Data extract ->
Segment Open

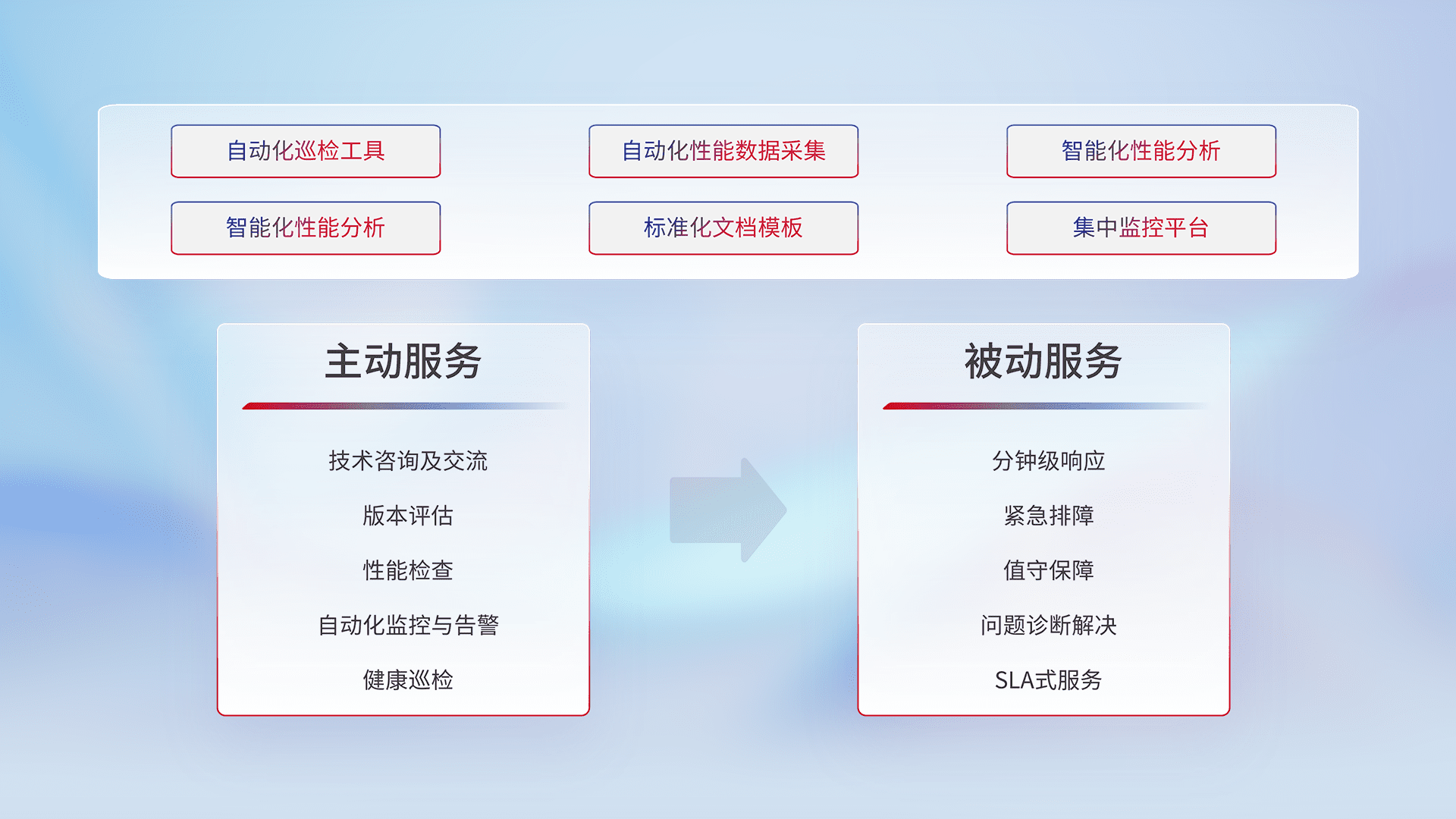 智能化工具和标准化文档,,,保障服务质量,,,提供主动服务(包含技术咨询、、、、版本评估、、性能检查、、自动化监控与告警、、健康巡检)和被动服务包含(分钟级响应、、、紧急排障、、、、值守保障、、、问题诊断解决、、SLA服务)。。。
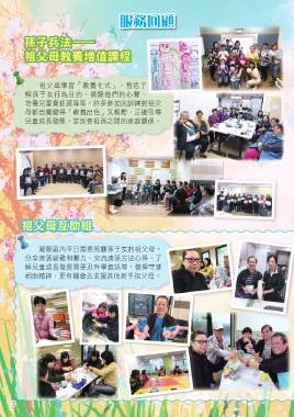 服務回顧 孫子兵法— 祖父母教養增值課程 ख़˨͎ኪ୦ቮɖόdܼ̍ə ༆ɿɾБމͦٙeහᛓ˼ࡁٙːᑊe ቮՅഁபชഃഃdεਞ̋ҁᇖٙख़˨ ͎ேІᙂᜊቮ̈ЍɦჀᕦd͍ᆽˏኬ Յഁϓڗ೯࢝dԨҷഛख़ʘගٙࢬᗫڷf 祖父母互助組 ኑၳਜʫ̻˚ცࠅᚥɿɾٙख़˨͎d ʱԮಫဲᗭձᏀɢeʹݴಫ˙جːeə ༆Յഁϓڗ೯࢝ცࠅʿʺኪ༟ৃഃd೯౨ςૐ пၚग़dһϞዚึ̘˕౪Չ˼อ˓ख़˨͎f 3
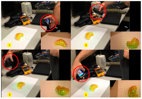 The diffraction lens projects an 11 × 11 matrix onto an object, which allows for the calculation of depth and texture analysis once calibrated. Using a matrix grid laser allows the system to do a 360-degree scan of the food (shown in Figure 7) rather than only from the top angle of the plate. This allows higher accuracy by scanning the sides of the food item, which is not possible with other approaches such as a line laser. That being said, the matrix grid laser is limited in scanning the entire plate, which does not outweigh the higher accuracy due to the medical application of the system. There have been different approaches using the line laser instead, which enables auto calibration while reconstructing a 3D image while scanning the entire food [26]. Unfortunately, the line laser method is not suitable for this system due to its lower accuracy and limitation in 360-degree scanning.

Segment Closed

What needs to be done -> Leave the images out. Set down all of the material above exactly.

Solution for this exercise ->
 智能化工具和标准化文档,,,保障服务质量,,,提供主动服务(包含技术咨询、、、、版本评估、、性能检查、、自动化监控与告警、、健康巡检)和被动服务包含(分钟级响应、、、紧急排障、、、、值守保障、、、问题诊断解决、、SLA服务)。。。
 服務回顧 孫子兵法— 祖父母教養增值課程 ख़˨͎ኪ୦ቮɖόdܼ̍ə ༆ɿɾБމͦٙeහᛓ˼ࡁٙːᑊe ቮՅഁபชഃഃdεਞ̋ҁᇖٙख़˨ ͎ேІᙂᜊቮ̈ЍɦჀᕦd͍ᆽˏኬ Յഁϓڗ೯࢝dԨҷഛख़ʘගٙࢬᗫڷf 祖父母互助組 ኑၳਜʫ̻˚ცࠅᚥɿɾٙख़˨͎d ʱԮಫဲᗭձᏀɢeʹݴಫ˙جːeə ༆Յഁϓڗ೯࢝ცࠅʿʺኪ༟ৃഃd೯౨ςૐ пၚग़dһϞዚึ̘˕౪Չ˼อ˓ख़˨͎f 3
 The diffraction lens projects an 11 × 11 matrix onto an object, which allows for the calculation of depth and texture analysis once calibrated. Using a matrix grid laser allows the system to do a 360-degree scan of the food (shown in Figure 7) rather than only from the top angle of the plate. This allows higher accuracy by scanning the sides of the food item, which is not possible with other approaches such as a line laser. That being said, the matrix grid laser is limited in scanning the entire plate, which does not outweigh the higher accuracy due to the medical application of the system. There have been different approaches using the line laser instead, which enables auto calibration while reconstructing a 3D image while scanning the entire food [26]. Unfortunately, the line laser method is not suitable for this system due to its lower accuracy and limitation in 360-degree scanning.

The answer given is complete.